People can give you hints and solutions to work out the results (as most people do) or they can give you the answer and for you to work out the solutions to that answer - I did the latter.
 

MrAl

Joined Jun 17, 2014
11,388
But for active mode Vce> Vbe gives me Ib<5,65/β. I don't know what value choose for ib to find the range of Rb that's my problem.
Hi,

Well no, this is not to calculate the Beta the idea is to take the known values 25 and 200 and calculate the values of Rb which satisfies the criteria given. For the active mode i would think these would be the minimum values of Rb, and for the sat mode i would think it would be the maximum values.
To choose Rb for any given current, just calculate the current through Rb knowing the input voltage and the Vbe voltage and the current. So it is the difference divided by the current.
 

WBahn

Joined Mar 31, 2012
29,976
Hi Tobias12,
Sorry, but I am not going to disclose how I arrived at these results. It is up to you to do the work and discover how I arrived at these results, after all, it is your homework... also the results I gave may not be accurate.
People can give you hints and solutions to work out the results (as most people do) or they can give you the answer and for you to work out the solutions to that answer - I did the latter.
Please do NOT do the latter. Remember, increasingly homework is done via online tools that just want the answer. If you give the answer then the student doesn't need to work out how you do it because you've given them what they need in order to claim credit for solving the problem and move on -- which is quite detrimental in the end. Also, intentionally giving inaccurate answers is almost always counterproductive. Consider what you have just stated yourself -- your approach is to give them the answer and let them work out solutions to that answer; so if you give them inaccurate answers you can only be expecting them to spend a bunch of time trying to figure out some way to work out a solution that leads to that wrong answer. So even if they work the problem correctly, they will assume that they've done something wrong because they didn't get the solution that you are expecting them to work out a solution to.
 

WBahn

Joined Mar 31, 2012
29,976
But for active mode Vce> Vbe gives me Ib<5,65/β. I don't know what value choose for ib to find the range of Rb that's my problem.
I suspect that there is some side-channel information you are expected to know and use. For instance, a common practical definition of "saturation" is that the β has dropped to the point where it is no more than 10. This is an arbitrary threshold and is not universally used, but it is extremely common for small-signal transistors.

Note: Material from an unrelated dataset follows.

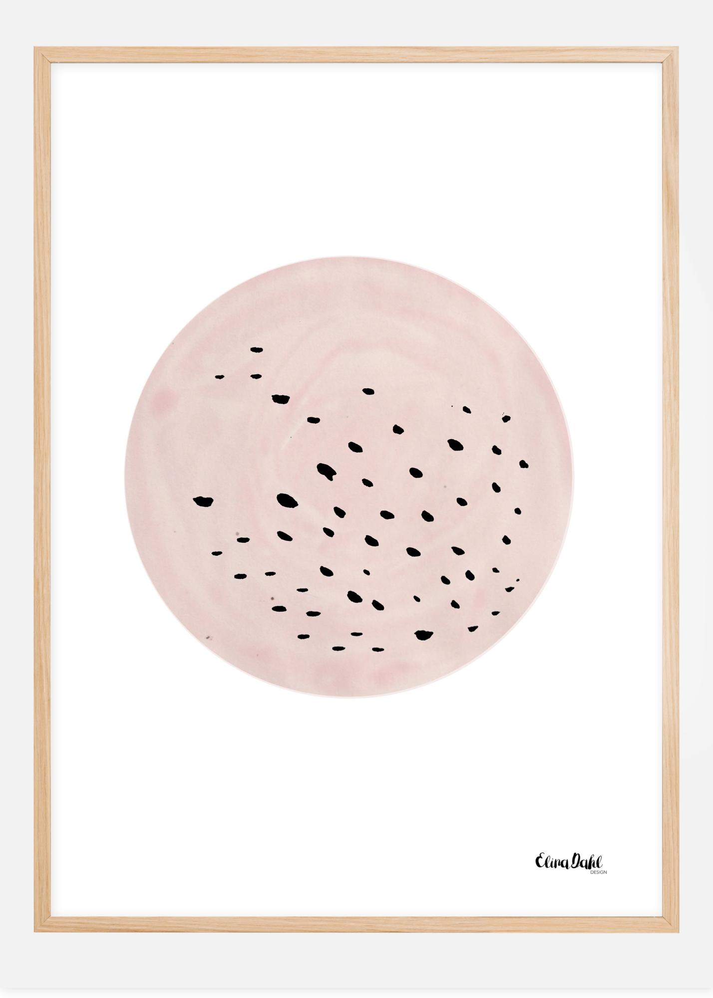 Une affiche abstraite de points noirs dans un cercle beige rosé. Le beige rosé de ce cercle est rempli de petits points mouchetant la surface. La boule est suspendue sur un fond blanc uni. Associez cette image étrange mais fascinante à un arrière-plan audacieux pour créer une œuvre d'art vraiment intéressante.

Another thing to keep in mind is that there is no hard distinction between active region and saturation -- the transistor continuous and smoothly transitions from one to the other, so any thresholds that are set are arbitrary. It is not unreasonable to set two thresholds, one that marks the end of "official" saturation and one that marks the beginning of "official" active-region operation. For people that choose this route, a common threshold between transition and active-region is when the base-collector junction is positive (i.e., when Vce < Vbe) while the other threshold is when β = 10 and Vce = Vcesat (which is typically taken to be 200 mV, give or take, if you lack other specific information upon which to base a better value). The gap between is then just a region where you can't really say for sure that it is in either of those two regions -- it's in transition.

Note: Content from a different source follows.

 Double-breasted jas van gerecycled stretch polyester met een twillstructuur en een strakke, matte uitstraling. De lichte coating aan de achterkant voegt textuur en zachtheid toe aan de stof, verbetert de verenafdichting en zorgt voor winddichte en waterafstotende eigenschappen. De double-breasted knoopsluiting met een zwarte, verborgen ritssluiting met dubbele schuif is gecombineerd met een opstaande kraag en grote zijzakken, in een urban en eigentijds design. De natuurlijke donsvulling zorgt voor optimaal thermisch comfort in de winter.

Another thing that makes it difficult to tell for sure what they are asking (for us -- you might know since the problem is written in the same style as whatever text you have been learning from) is when they say that β is in the range of 25 to 200 are they saying that you should consider the transistor to be in the active region if the beta is within that range, or are they saying that the manufacturer is merely saying that this particular model of transistor may have active-region β values that are anywhere within that range. I would play it safe and assume it is the latter and run the numbers for both limiting values; then choose your range of resistance values that satisfy both cases.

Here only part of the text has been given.